General characteristics
- Class & type: Type 071 amphibious transport dock
- Displacement: 25,000 tons
- Length: 210 meters
- Beam: 28 meters
- Draught: 7 m (21 ft)
- Propulsion: CODAD; 4 × SEMT Pielstick 16 PC2.6 V400 diesel engines, 47,200 hp (35,197 kW); 2 × shafts ;
- Speed: 25 knots (46 km/h) max
- Range: 10,000 nmi (19,000 km) at 18 knots (33 km/h; 21 mph)
- Boats & landing craft carried: 4 × air-cushioned landing craft; 2 × landing craft on port/starboard davits;
- Capacity: 15-20 armoured vehicles
- Troops: 500-800 troops
- Crew: 120
- Sensors & processing systems: 1 × Type 360 Radar Seagull S, E/F-band surface search radar; 1 × Type 364 Radar, Seagull C, G-band air search radar aft; 1 × Type 344 Radar, I band fire control radar; 1 × navigational radar;
- Electronic warfare & decoys: UAT Electronic Support Measures
- Armament: 1 × AK-176 76 mm (3.0 in) gun; 4 × AK-630 30 mm (1.2 in) CIWS; 4 × 18-tube Type 726-4 decoy/chaff launcher; Possible installation of 2-4 heavy machine guns (Fitted for but not with);
- Aircraft carried: 2-4 Z-8 Super Frelon

= Chinese landing ship Kunlun Shan =

Type 071 amphibious transport dock

Kunlun Shan is a Type 071 amphibious transport dock ship currently in service to China's People's Liberation Army Navy.

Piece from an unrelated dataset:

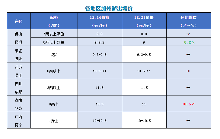 | 中國(guó)水產(chǎn)頻道原創(chuàng)報(bào)道, 文/圖 何氏水產(chǎn)、鱖鱸前沿 加州鱸 1、本周佛山加州鱸大規(guī)格魚(yú)塘頭價(jià)格有小幅下滑,7兩上報(bào)價(jià)8.8元/斤;8兩上報(bào)價(jià)9元/斤,比上周下跌了0.2/斤;1斤上9.1/斤,比上周也下跌了0.2元/斤。具體還是看魚(yú)頭定價(jià),價(jià)格按上車(chē)規(guī)格、塘魚(yú)質(zhì)量情況略有調(diào)整。臨近年底加上降溫,部分養(yǎng)戶集中出魚(yú),外圍產(chǎn)區(qū)也在相繼清塘,整體出魚(yú)量較大。大規(guī)格魚(yú)走量依然很大,但對(duì)大肚魚(yú)挑的較為嚴(yán)格,壓價(jià)厲害。預(yù)計(jì)接下價(jià)格變化不會(huì)太大。 2、湖州本周統(tǒng)貨報(bào)價(jià)9.3-9.5元/斤,跟上周一樣,具體看條形、炮頭大小定價(jià)。 3、江蘇吳江本周價(jià)格跟上周一樣,8兩上報(bào)價(jià)10.5-11元/斤。價(jià)格會(huì)根據(jù)魚(yú)頭大小及規(guī)格比例多少略有調(diào)整。本地慣養(yǎng)老口,年前出魚(yú)量不多。 4、四川成都今天報(bào)價(jià)8兩上11.5元/斤,9兩上12.5元/斤。受疫情影響,每天出魚(yú)量不大。 5、湖南華容本周價(jià)格比上周上漲了0.5元/斤,8兩上報(bào)價(jià)是11元/斤。天冷氣溫低,養(yǎng)戶出魚(yú)意愿不強(qiáng),僅個(gè)別養(yǎng)戶趕在年底清塘,大部分養(yǎng)過(guò)冬,明天開(kāi)春再賣(mài)。 6、廣西南寧本周價(jià)格跟上周一樣,報(bào)價(jià)是10-10.5元/斤,市場(chǎng)流通一般,出魚(yú)量少。 |

The lead ship of its class, the 25,000-ton ship was laid down in the Hudong-Zhonghua Shipbuilding in Shanghai in June 2006, and was launched on 21 December 2006. After finishing sea trials the ship was commissioned to the South Sea Fleet at Zhanjiang Naval Base on 30 November 2007. Its estimated production cost is 300 million USD.

The ship is named after of the Kunlun Mountains, one of the most prominent mountain ranges in Northwest China.

== Operational history ==
On 9 March 2014, the ship was deployed in the search for the missing Malaysia Airlines Flight 370.

In September 2016, the ship took part in combined naval exercises with the Russian Navy off the coasts of Guangdong.

In 2019, the ship took part in anti-piracy operations in the Gulf of Aden. On the return trip in June, it had a four-day stopover in Sydney Harbour, Australia as part of a three-ship taskforce along with the Type 054A frigate Xuchang and the Type 903 replenishment ship Luomahu. According to then-Prime Minister Scott Morrison, the naval visit was invited by the Australian Government, but the neither the New South Wales government nor the Australian public were informed ahead of the taskforce's arrival, which triggered a media frenzy among the conservative Australian media and politicians on the backdrop of rising geopolitical tension in Sino-Australian relations.